PARISH MISSIONS: THE MINISTRY OF THE WORD CANNOT BE SUBSTITUTED FOR THE SACRAMENT OF PENANCE

References to the numerous confessions are to be found in all the plentiful accounts of the missions. Eugene’s conviction as a mission preacher was that:

The ministry of the Word cannot be substituted for the sacrament of penance instituted by J. C. in order to reconcile man with God.

Letter to Hippolyte Courtès, 12 March 1825, O.W. VI, n. 173.

It was here that the encounter between the person and his or her personal Saviour took place, and led to the

unbounded happiness of several of those who went to confession, a happiness whose effects are shared by their families.

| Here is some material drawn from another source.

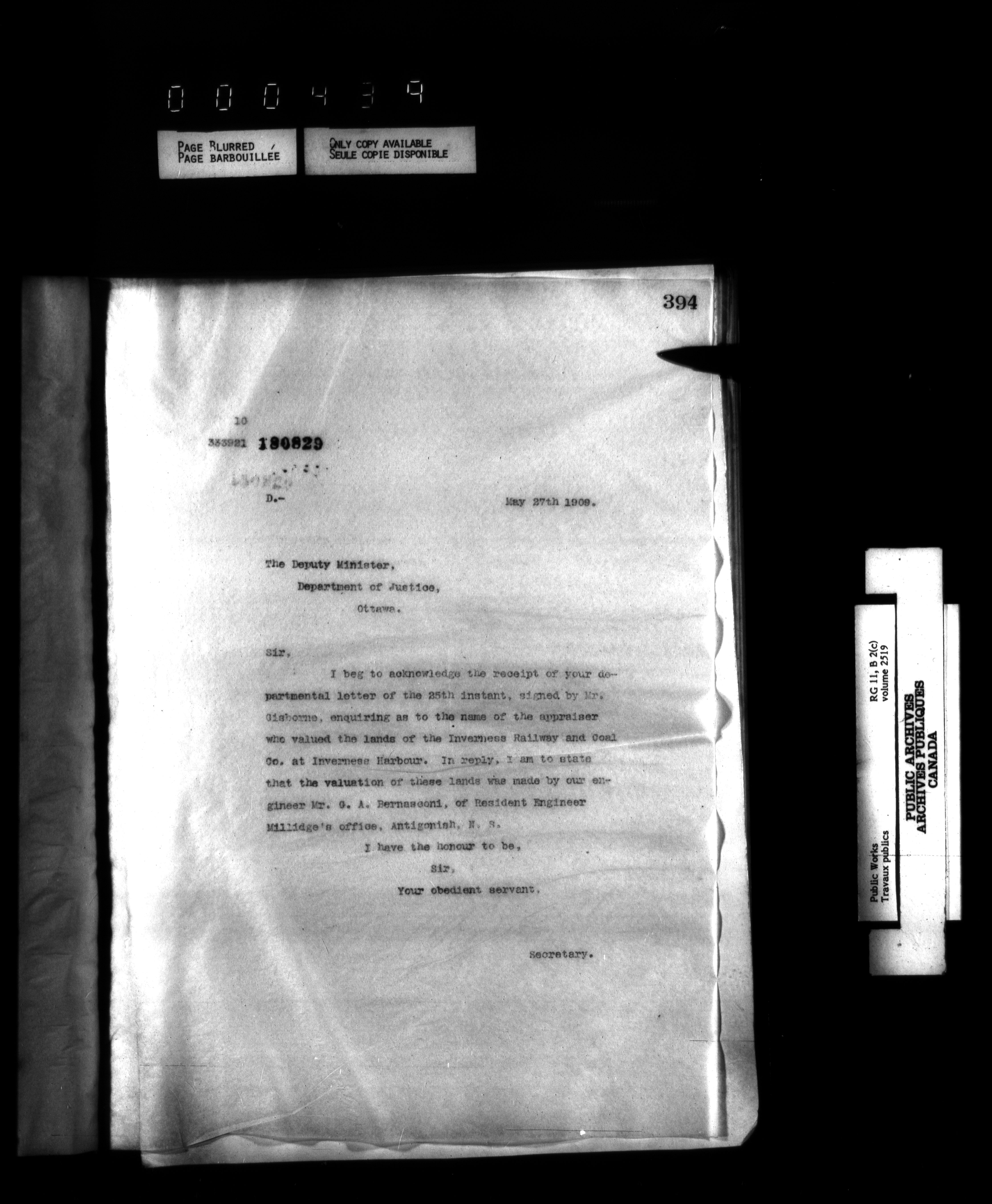 Department of Public Works : Outgoing Numbered Correspondence, 1879-1912 - 1598

Diary of the Marignane Mission, 23 November 1816, O.W. XVI

This pattern began on their very first mission that they conducted in Grans in 1816, and set the direction for all their missions:

The day after our arrival, we set up confessionals for the four missionaries, they were besieged from three o’clock in the morning, I tell you this because it is a fact, and we stayed there for the following 28 hours. Twenty-eight hours, I must repeat it so that you don’t think I made a mistake in writing it.
 As for the details as to what happened during the mission, it is impossible to attempt to tell them. Excessive cold did not stop the church from being full from three in the morning onward.

Letter to his father, Charles-Antoine de Mazenod, 1 May 1816, O.W. XIII, n. 3.